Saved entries
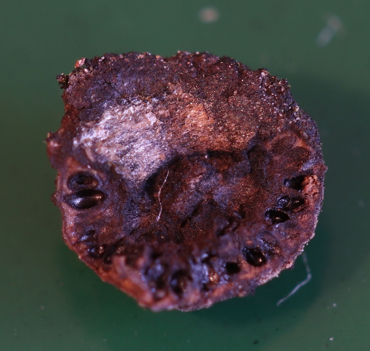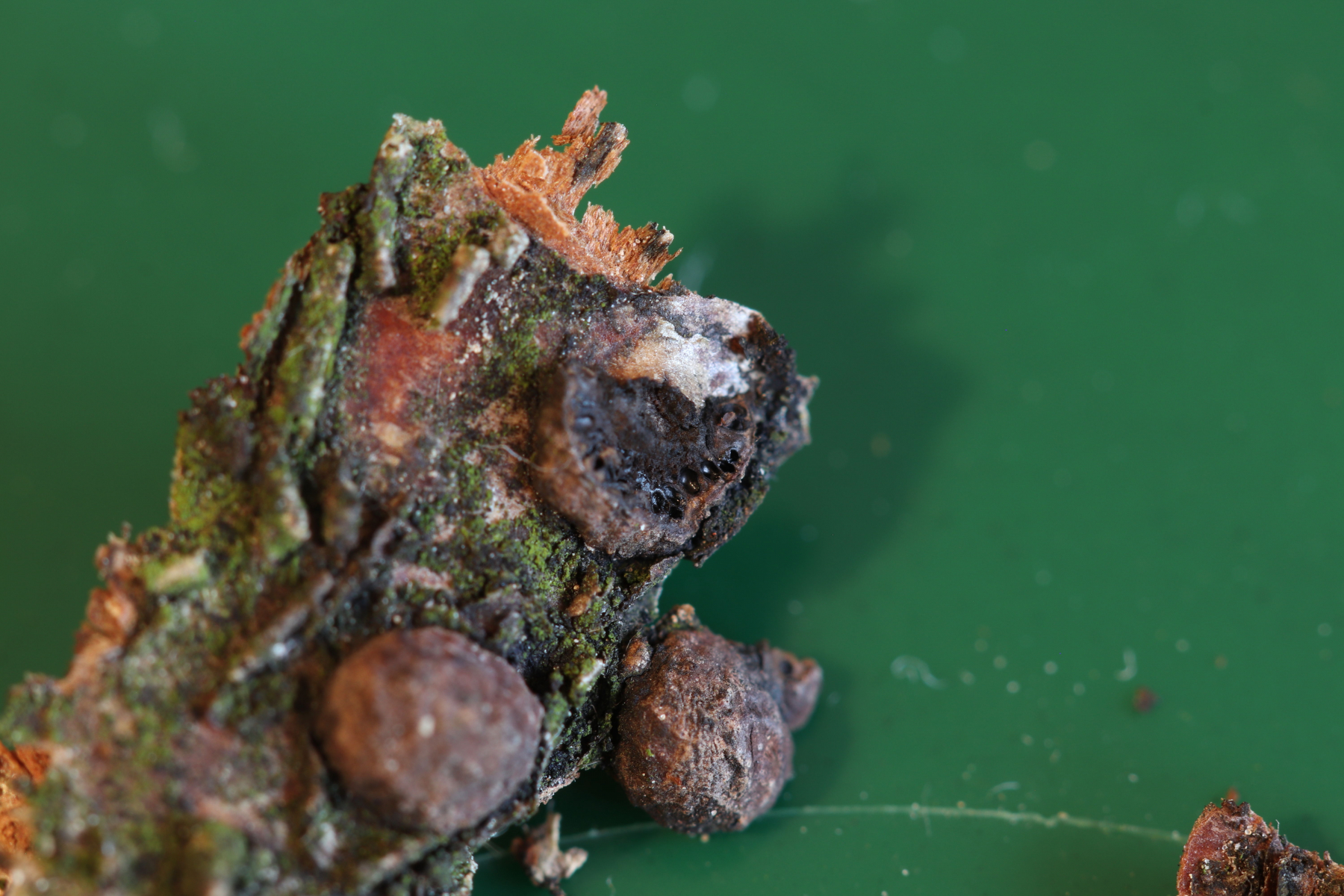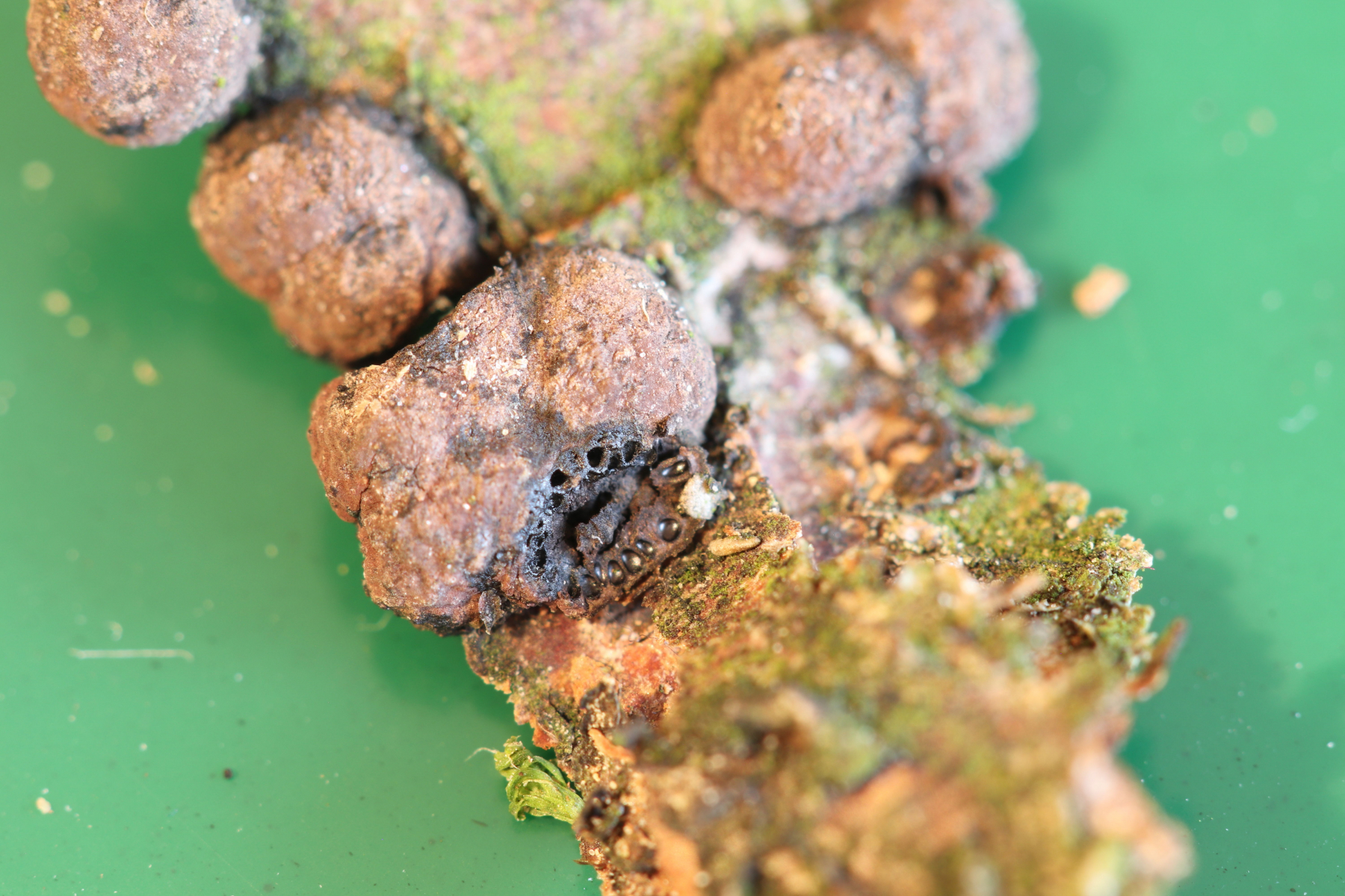 ich habe diesen Pilz am 18.1. auf einem toten Haselzweig in Ostwestfalen gefunden, der Durchmesser der einzelnen Fruchtkörper beträgt etwa 2-3mm. Ich vermute eine Diatrype-Art, oder könnte es noch etwas anderes sein?
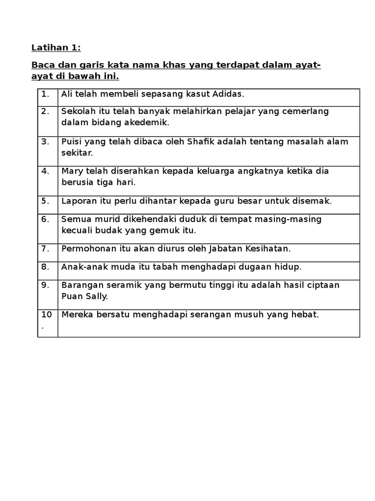 Latihan Kata Nama Khas Tak Hidup Tahun 5
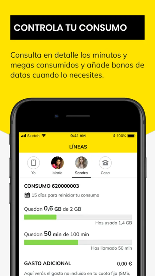 Si quieres tener el control de tu tarifa, descárgate esta app y ahorra cada mes controlando tu consumo de datos o voz y gestiona tú mismo de forma comoda y sencilla tus líneas.
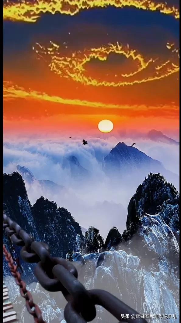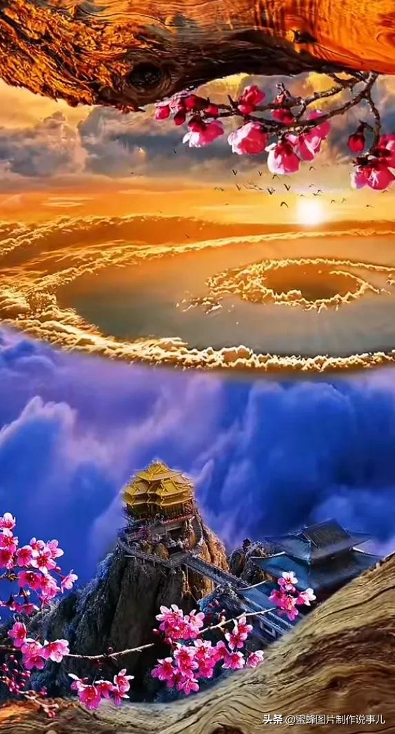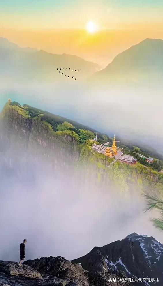 早晨冉冉升起的金色太阳,照射着云层,把云也染成了金色,照的上山的建筑物金碧辉煌。
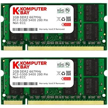 • Crucial 4GB Single DDR2 667MHz (PC2-5300) CL5 SODIMM 200-Pin Notebook Memory Module CT51264AC667
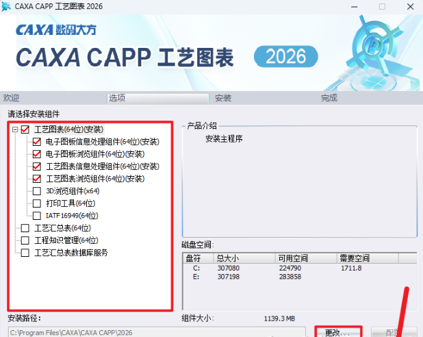5.勾选需要安装的组件,点击【更改】修改路径地址中的第一个字符C可更改安装位置(如:把C改为D软件将安装到D盘),点击【选择】,点击【开始安装】
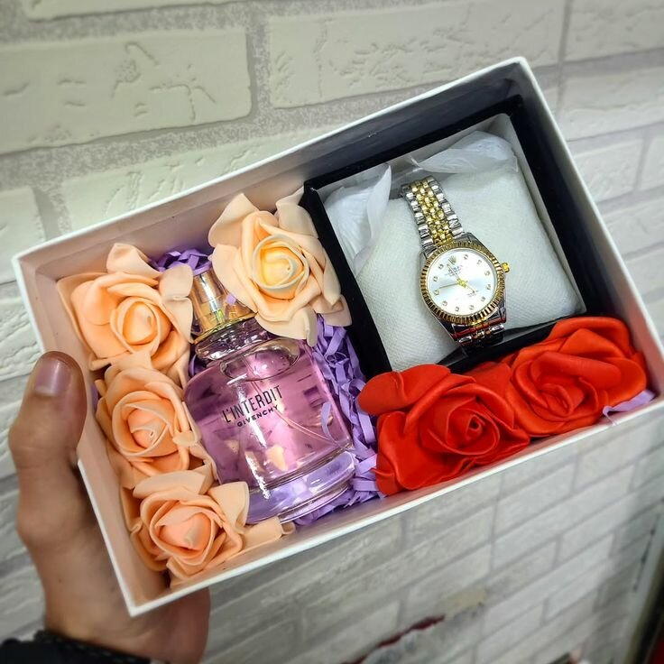 Coffret cadeau élégant avec montre, parfum et roses artificielles. Idéal pour les femmes.
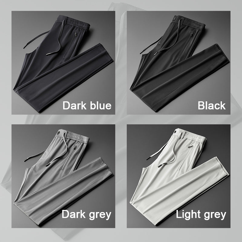 Pánské ledové hedvábné sportovní volnočasové kalhoty jsou vyrobeny z příjemné tkaniny. Textura ledového hedvábí je chladivá a prodyšná, takže je vhodná na léto. Pohodlně se nosí, nesnadno se vyhrnuje a nemačká a barva nevybledne. Je to ideální volba pro muže v létě.
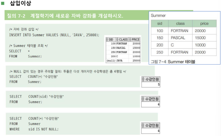 - 삽입이상: 투플 삽입 시 제공되지 못하는 속성값을 NULL 값으로 입력해야 하는 현상이다.

Problem description
What's needed here is an exact repeat of all the records above, pictures excluded.

Reply to the exercise
 ich habe diesen Pilz am 18.1. auf einem toten Haselzweig in Ostwestfalen gefunden, der Durchmesser der einzelnen Fruchtkörper beträgt etwa 2-3mm. Ich vermute eine Diatrype-Art, oder könnte es noch etwas anderes sein?
 Latihan Kata Nama Khas Tak Hidup Tahun 5
 Si quieres tener el control de tu tarifa, descárgate esta app y ahorra cada mes controlando tu consumo de datos o voz y gestiona tú mismo de forma comoda y sencilla tus líneas.
 早晨冉冉升起的金色太阳,照射着云层,把云也染成了金色,照的上山的建筑物金碧辉煌。
 • Crucial 4GB Single DDR2 667MHz (PC2-5300) CL5 SODIMM 200-Pin Notebook Memory Module CT51264AC667
5.勾选需要安装的组件,点击【更改】修改路径地址中的第一个字符C可更改安装位置(如:把C改为D软件将安装到D盘),点击【选择】,点击【开始安装】
 Coffret cadeau élégant avec montre, parfum et roses artificielles. Idéal pour les femmes.
 Pánské ledové hedvábné sportovní volnočasové kalhoty jsou vyrobeny z příjemné tkaniny. Textura ledového hedvábí je chladivá a prodyšná, takže je vhodná na léto. Pohodlně se nosí, nesnadno se vyhrnuje a nemačká a barva nevybledne. Je to ideální volba pro muže v létě.
 - 삽입이상: 투플 삽입 시 제공되지 못하는 속성값을 NULL 값으로 입력해야 하는 현상이다.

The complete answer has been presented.